Much of that money will flow through federal agencies to states and local governments. The new executive order excludes projects funded by grants to non-federal agencies, a senior administration official said, adding that will make up for a bulk of the projects under the bill. But it will apply to billions of other federal spending on waterways, military bases and other areas.

The White House said Biden would visit Ironworkers Local 5 in Upper Marlboro, Maryland, Friday to sign the new executive order, joined by Vice President Kamala Harris and Labor Secretary Marty Walsh.

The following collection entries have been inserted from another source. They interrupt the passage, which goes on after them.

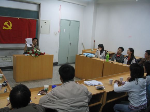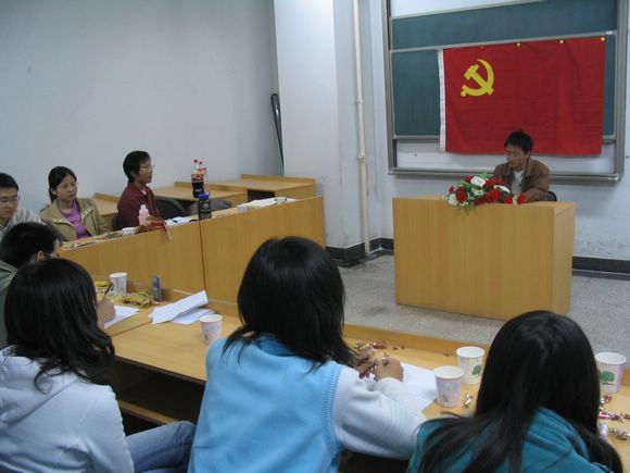 2006年4月23日,为了认真学习领会“八荣八耻”社会主义荣辱观,理学院本科生2002级物理党支部组织支部全体党员召开了主题茶话会。会议由党支部书记王科同志主持,支部17名党员分为8组,每组以一个话题展开演讲,其余同志共同参与讨论。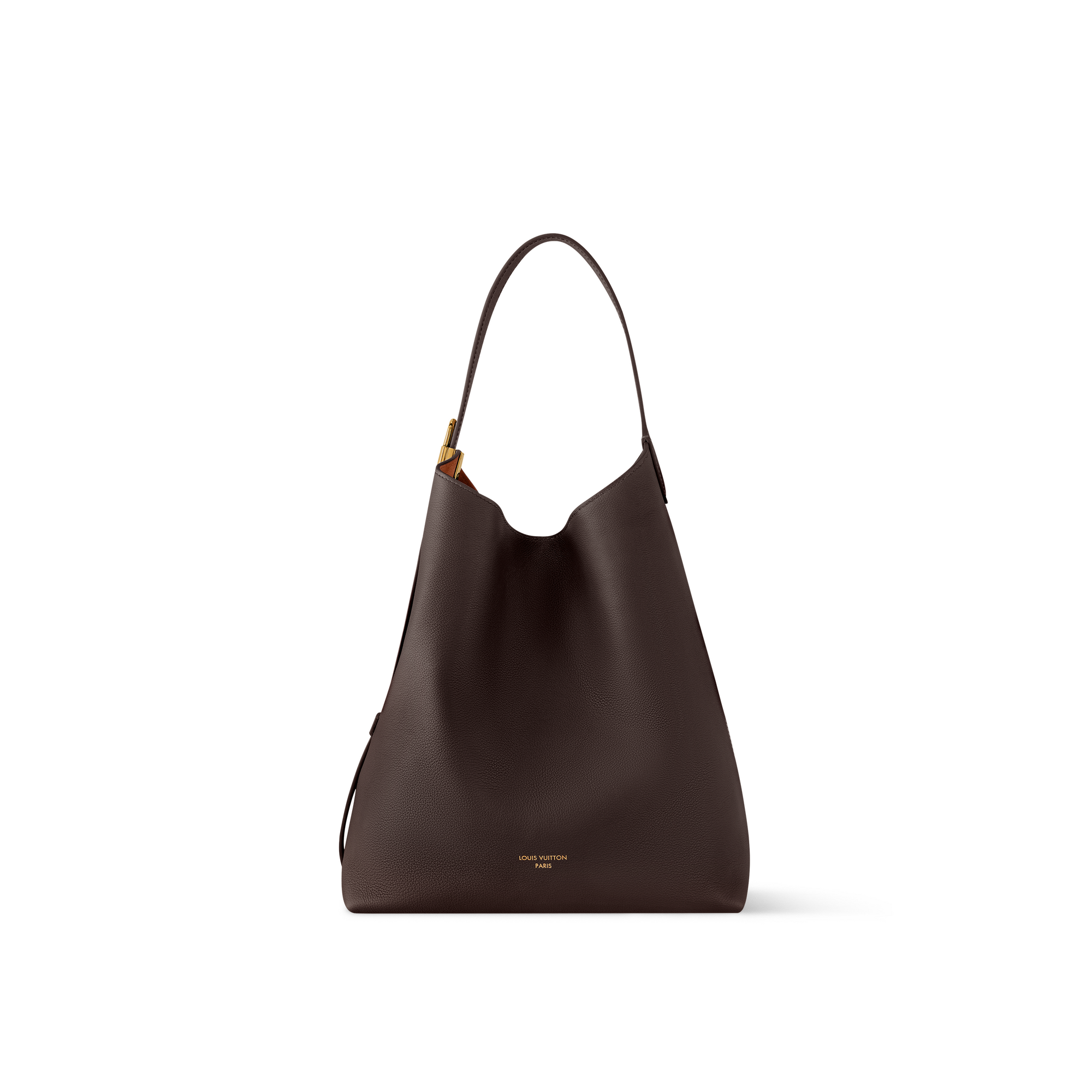 Updated for the season in refined soft suede, this edition of the Hobo MM combines a 70s bohemian aesthetic with sleek LV lines. It is elevated with chocolate leather trims and a signature padlock in an aged gold-toned finish. Functional and chic, the versatile design includes an interior pocket and also features a removable Monogram pouch to store smaller items on the go.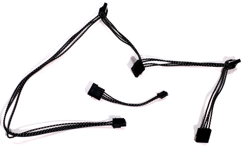Vi må heller ikke glemme Molex som stadig bruges den dag i dag, på trods af at have mange år på bagen efterhånden. Mange kabinetter med integrerede blæser kontrollere og lignende, benytter stadig Molex som strømkilde. Enermax inkluderer her et kabel med fire Molex stik på samme kabel, samt en Molex til Floppy adapter hvis du af en eller anden mystisk årsag stadig har behov for dette.
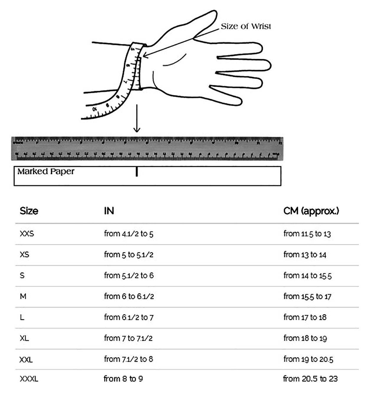 To determine your size, please measure your wrist over and around the wrist bone using a flexible measuring tape. You must measure the distance around your wrist where it is comfortable, behind the knuckle. Do NOT use the length of a current bracelet (it will not be accurate).
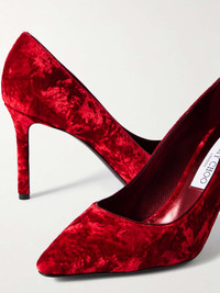 EDITORS'NOTES Jimmy Choo's crushed velvet 'Romy' pumps make a chic addition to any outfit. Utterly classic, they're set on an 85mm heel and padded insole, giving you the perfect amount of lift. Small to size. See Size & Fit notes. SIZE & FIT - Fits small to size, take a half size larger than normal - Italian sizing DETAILS & CARE - Heel measures approximately 85mm/ 3.5 inches - Tonal-red velvet - Slip on - Designer color: Ruby Red

The U.S. construction industry – including workers, owners, developers, contractors – has been one of the hardest hit during the COVID-19 pandemic, due to a slowdown of available goods and labor and the termination of entire projects.

Biden has vowed to strengthen unions and increase membership in the United States after years of steady decline, and to increase salaries for hourly workers in construction, health care and other jobs.

“Contractors who offer lower wages or hire less qualified workers will need to raise their standards to compete with other high-wage, high-quality companies,” the order says, according to a draft viewed by Reuters. Earlier executive action by Biden requires federal contractors in new or extended contracts to pay a $15 per hour minimum wage.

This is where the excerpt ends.